_About this exercise_
Reproduce word for word the lines from the beginning of the entries to the line with "Игровая гарнитура Lenovo", both included, but none of the pictures.

(Stored items from a collection)
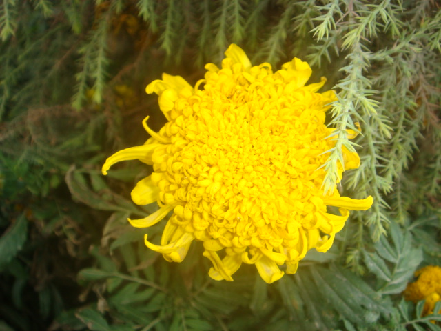 我漫步在校园里,一眼就看见了秋天的微笑——盛开的菊花不停地摇晃着脑袋。在秋天许多花儿都凋谢了,而这美丽的菊花却依然盛开着。花朵儿虽不绚丽多彩,但一朵朵花推推搡搡地,好不热闹。走到菊花跟前,啊,一股沁人心脾的花香迎面而来,接着一丝花蜜流入口中,滋润着我的心田。
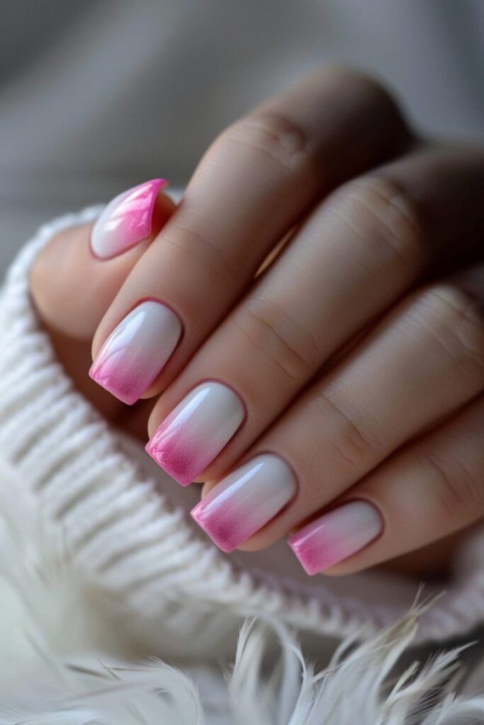 A mix of soft baby pink and bright hot pink on short square nails. Simple yet bold with a fun color contrast.
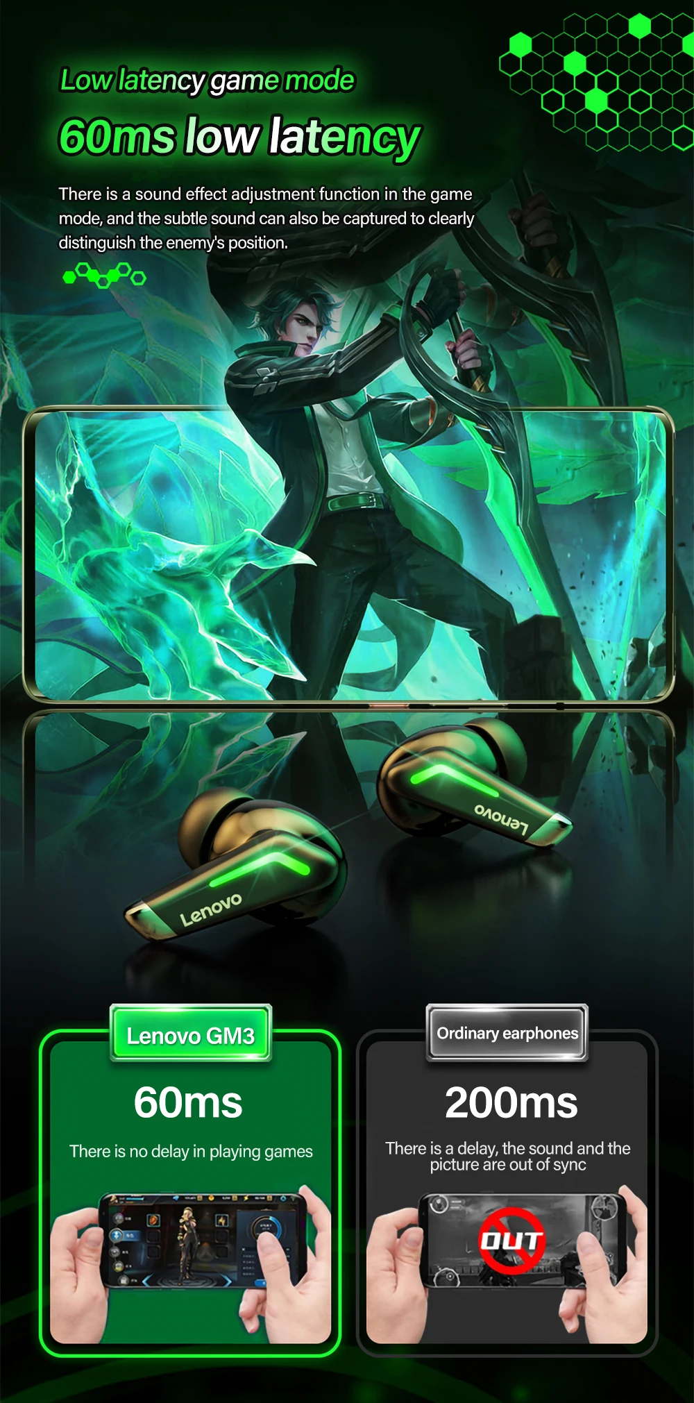 Игровая гарнитура Lenovo GM3 TWS с низкой задержкой и светодиодным ...
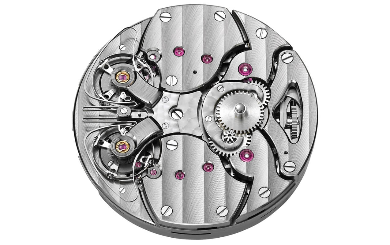 Oprócz efektu wizualnego benefitami rozwiązania w postaci rezonansu dwóch połączonych ze sobą stalową sprężyną układów są poprawiona stabilność oraz precyzja chodu. Zdobienie pasami Côtes de Genève, to niemal standard, nawet w wyrobach z niższego segmentu cenowego, ale jego walory estetyczne są niepodważalne. Nadal jest to „wisienką na torcie”, bez której mechanizm nie byłby tak urodziwy. Zwłaszcza, że w tym przypadku pasy wykonano z dodatkowym żłobkowaniem, a same mostki są w kolorze określanym często jako gun-metal. Nietypowa jest za to częstotliwość pracy mechanizmu na poziomie 25 200 wahnięć na godzinę.
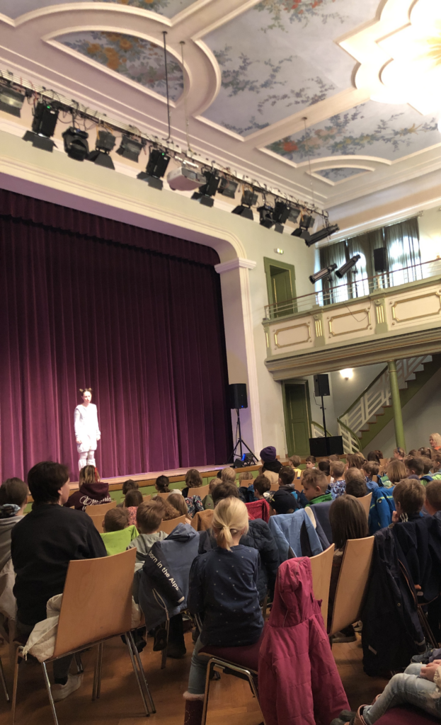 Das Theaterstück sahen die Kinder sich gebannt an und ließ sie nach Ende mit großen Augen und offenen Mündern zurück. Auf der Heimfahrt war dann viel Gesprächsbedarf. „Was hat Dir am Besten gefallen“ und „Hast du das gesehen?“ waren einige Fragen der Kinder.
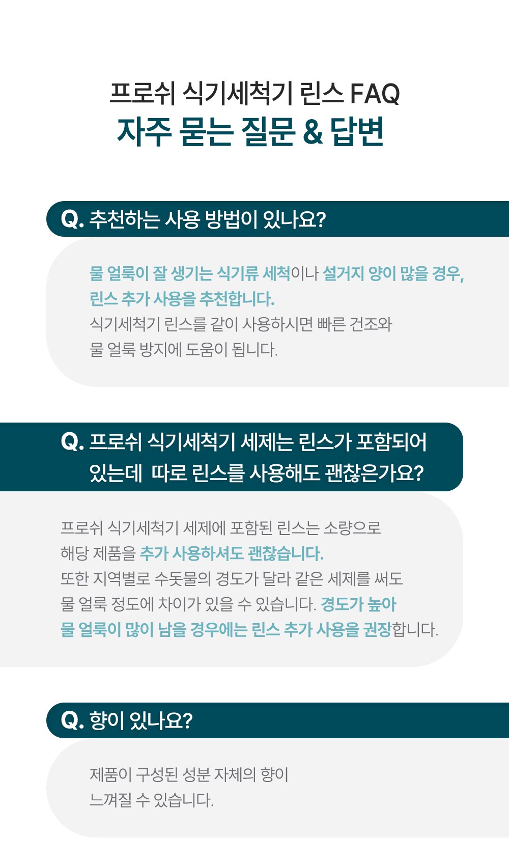 | 품명 및 모델명 | 프로쉬 식기세척기용 헹굼보조제(린스) | 인증/허가 사항 | 위생용품 |
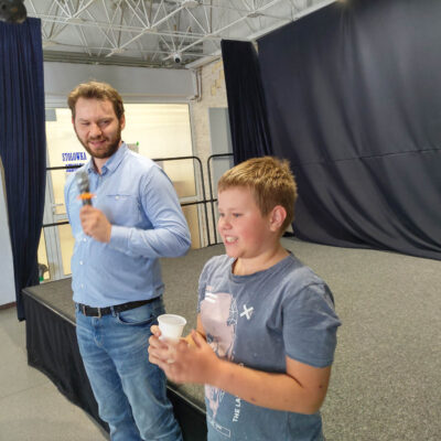 Zgłosiło się 18 uczestników.  Każdy z uczestników opowiedział dowcip i wypił sok z cytryny.
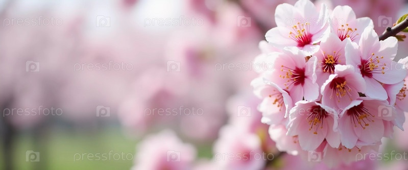Нежные розовые вишневые цветки красиво цветут на ветке дерева во время весеннего сезона, заполняя сцену яркими цветами и ощущением обновления в природе
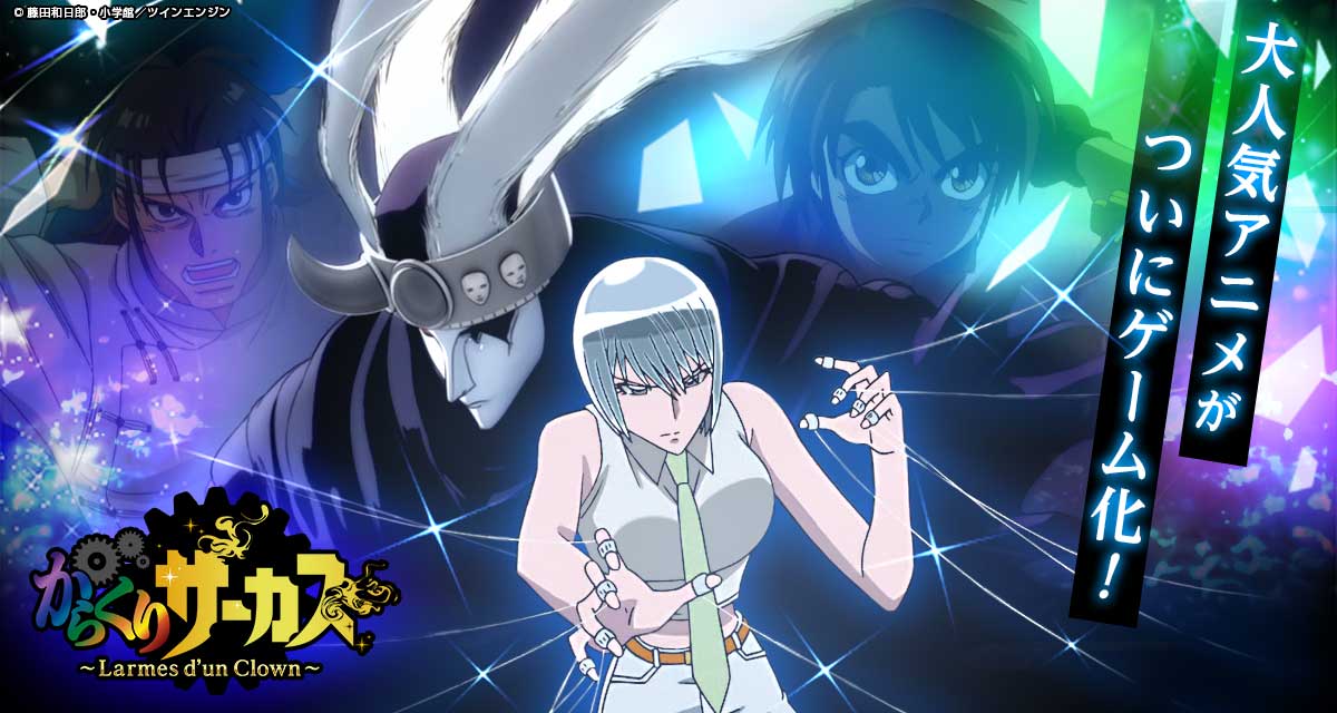 《傀儡马戏团~Larmes d'un Clown~》是改编自发行数达1500 万部的人气少年漫画《傀儡马戏团》的卡牌游戏,游戏已经在众多官方APPS 平台率先登场,并预定于5 月28 日登上App Store 与Google Play 商店推出。
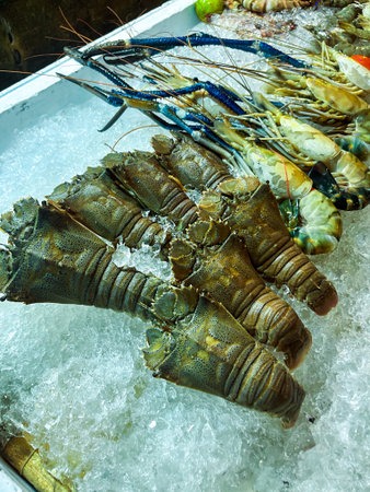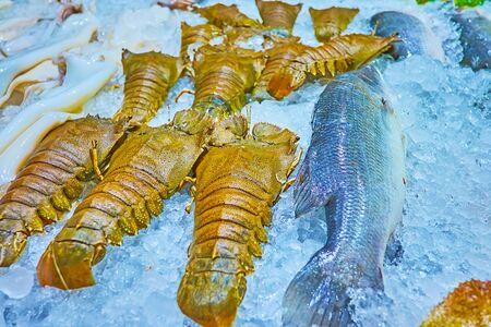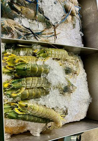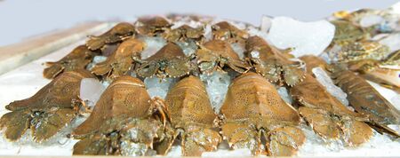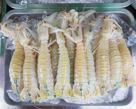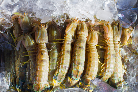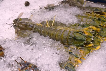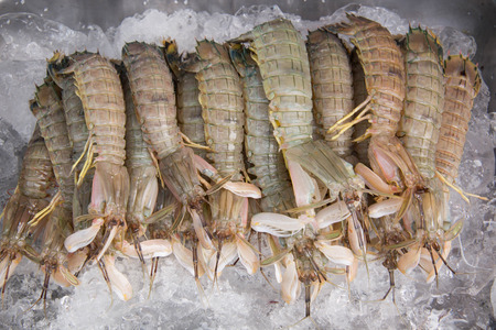 crayfish or mantis shrimp frozen on ice for cooking at restaurant in Thailand
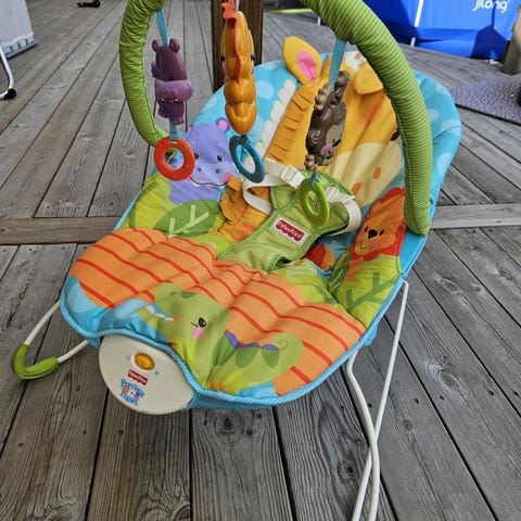 I den här färgglada babysittern med regnskogstema kan barnet leka länge. Den mjuka, avtagbara lekbågen har snurrande löv och löstagbara apor med klapprande pärlor och rullkula. Babysittern vibrerar också på ett lugnande sätt.
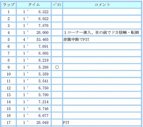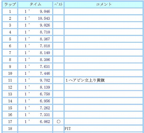 9:40〜10:00 B2 前置きが長くなっちゃったけど、9時40分の定時にB2クラスの走行が始まりました。 4ヶ月ぶりの今シーズン初の走行なので、まずは慣熟走行から。 土曜日ということもあって、走行台数はフルで、相変わらず多いですね。 調子がイイと前を走るバイクが邪魔だたりしますが、今日は目の前のバイクはいいペースメーカー。 とりあえず、前の集団について行くことにしまーす! 半分ほど走って、タイムは7〜8秒台。 遅いことは遅いけど、余裕があるのでペースアップします。 11周目、1コーナーの立ち上がりで転倒バイクあって黄旗。 ここで、ペースを落として、前とのスペースを開けます。 1コーナーの黄旗がクリアーになって、ペースを上げて13周目6秒台に入りましたね。 そして、最後17周目に1本目のベスト6秒0で終了。 1本目、かなり余裕をみて走って6秒だったので、自分的にはシーズンはじめとしては、調子は良いみたい。 走っているのも、まだ余裕があるので、もう少し行けますね。 |
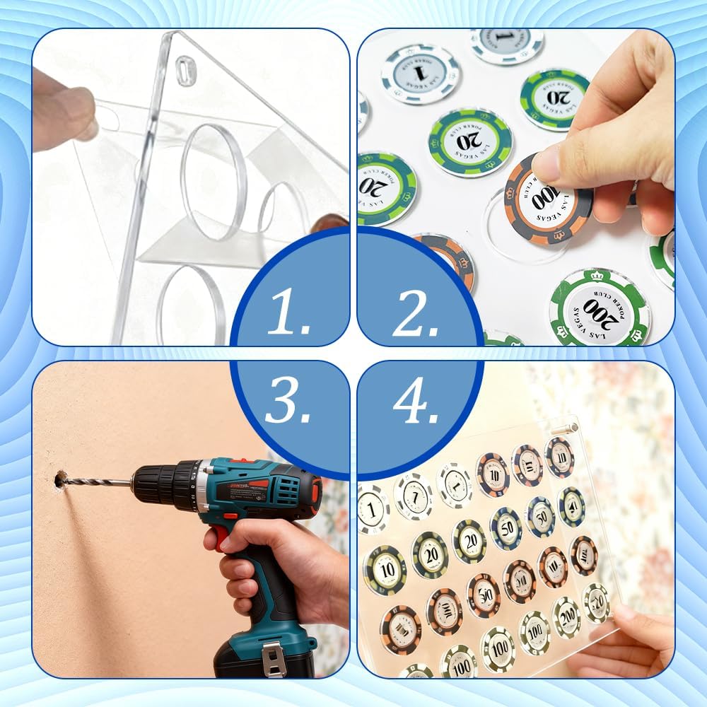 【 سهل التركيب وشاشة متعددة الاستخدامات】يتضمن رف عرض الرقاقة المرن هذا أجهزة لسهولة التركيب على الحائط كعرض عملات معدنية موفر للمساحة. كما أنه يعمل بشكل مثالي كحامل لرقائق لعبة البوكر على الطاولة أو شاشة عرض شرائح لعبة البوكر للجولف، ولا يتطلب تجميعًا للاستخدام الفوري.
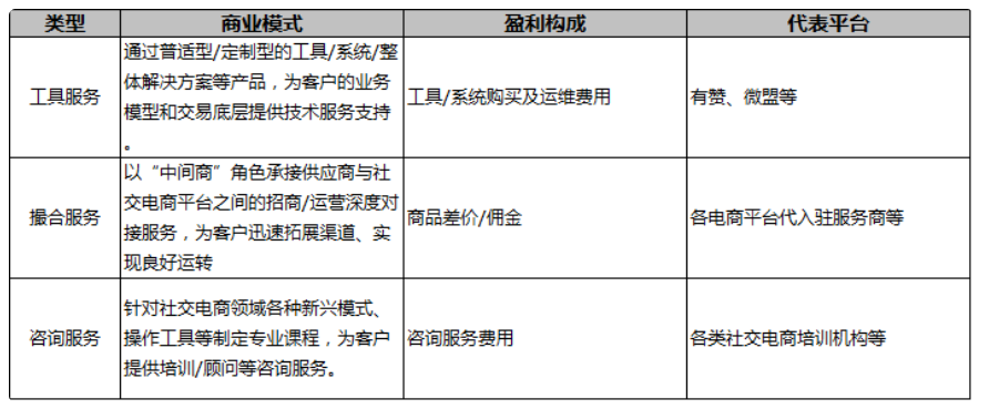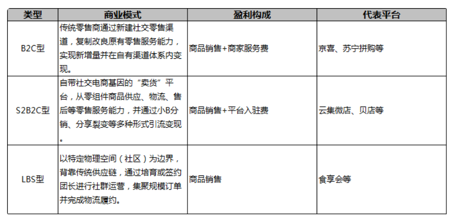 該模式下,平臺(tái)依托社交關(guān)系鏈促進(jìn)用戶裂變和商品傳播,按照平臺(tái)商品是否自營(yíng)同樣可分為2類,具體的商業(yè)模式與盈利構(gòu)成如下表:

_Answer section_
 我漫步在校园里,一眼就看见了秋天的微笑——盛开的菊花不停地摇晃着脑袋。在秋天许多花儿都凋谢了,而这美丽的菊花却依然盛开着。花朵儿虽不绚丽多彩,但一朵朵花推推搡搡地,好不热闹。走到菊花跟前,啊,一股沁人心脾的花香迎面而来,接着一丝花蜜流入口中,滋润着我的心田。
 A mix of soft baby pink and bright hot pink on short square nails. Simple yet bold with a fun color contrast.
 Игровая гарнитура Lenovo GM3 TWS с низкой задержкой и светодиодным ...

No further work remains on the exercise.